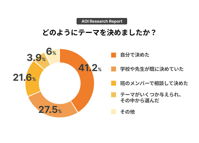 株式会社花形では自社が運営する「総合型選抜専門塾AOI」 (以下 「AOI」)に通う生徒を対象に、「探究の時間」で実施した具体的な探究活動の内容と、学習を通じた自己成長に関する調査を実施しました。
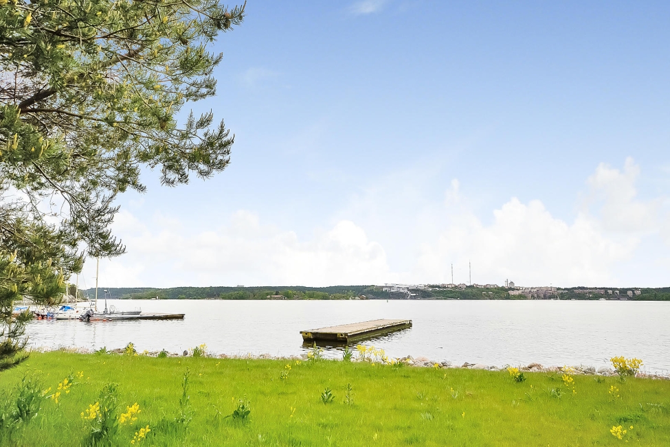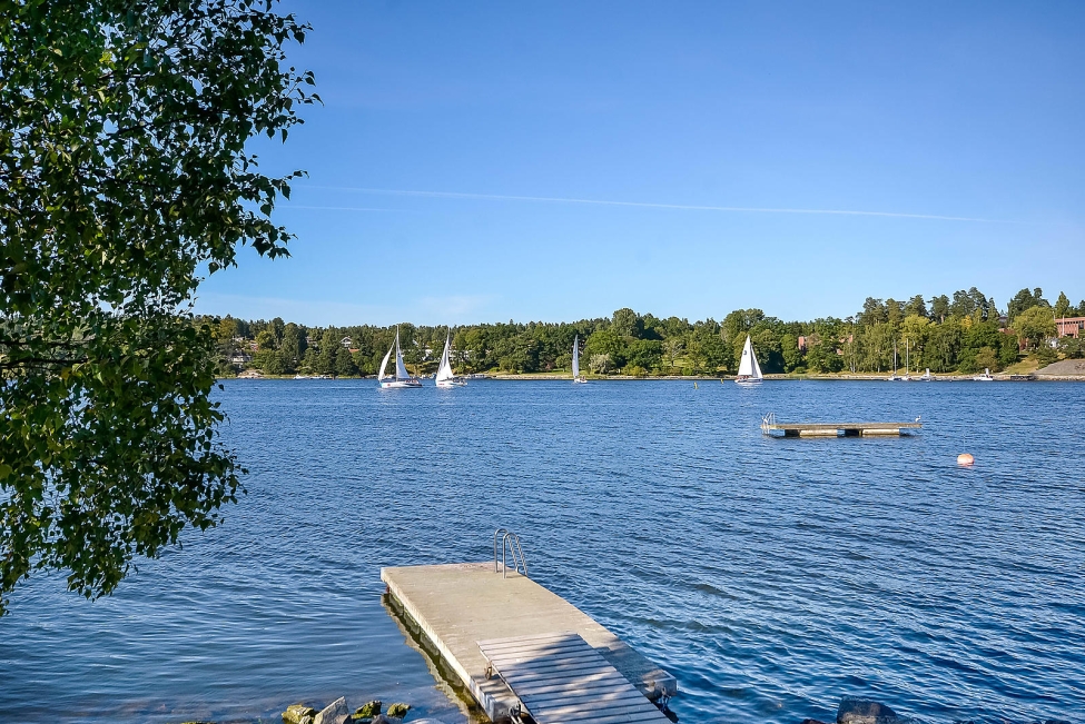 Sjönära läge - Havsutsikt - Generös takhöjd - Ljus & rymd - 4 sovrum - 2 badrum - Stensatta uteplatser - Terrass - Förråd - Möjlighet till båtplats
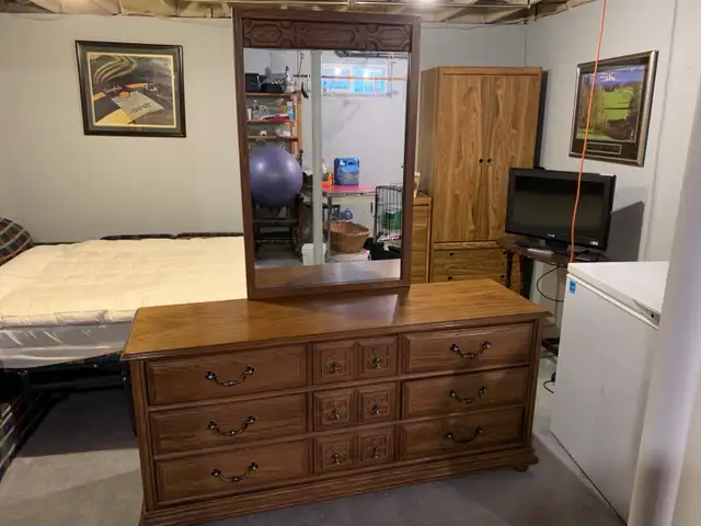 Selling 9 drawer solid wood Kroehler dresser with mirror. Excellent condition. Non smoking house.
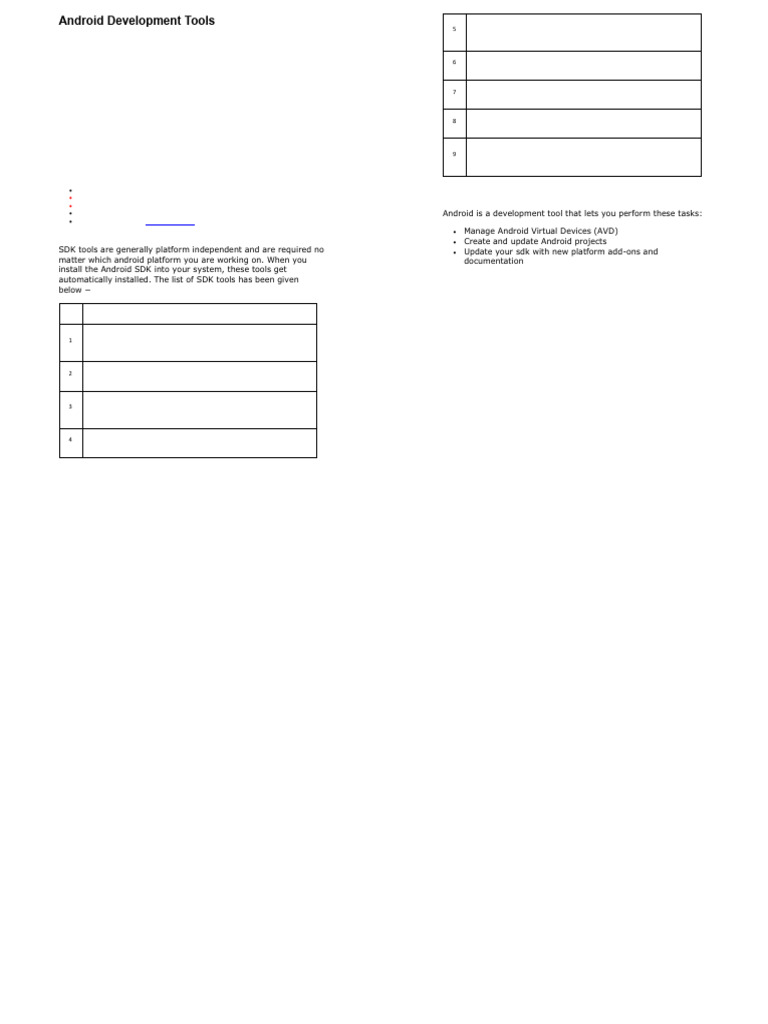 Current Version of the Android platform Android is a development tool that lets you perform these tasks:

● **WHAT IS EXPECTED**
In the answer, all of the material should appear exactly as given, with no picture carried over.

● **RESULT OF THIS EXERCISE**
 株式会社花形では自社が運営する「総合型選抜専門塾AOI」 (以下 「AOI」)に通う生徒を対象に、「探究の時間」で実施した具体的な探究活動の内容と、学習を通じた自己成長に関する調査を実施しました。
 Sjönära läge - Havsutsikt - Generös takhöjd - Ljus & rymd - 4 sovrum - 2 badrum - Stensatta uteplatser - Terrass - Förråd - Möjlighet till båtplats
 Selling 9 drawer solid wood Kroehler dresser with mirror. Excellent condition. Non smoking house.
 Current Version of the Android platform Android is a development tool that lets you perform these tasks:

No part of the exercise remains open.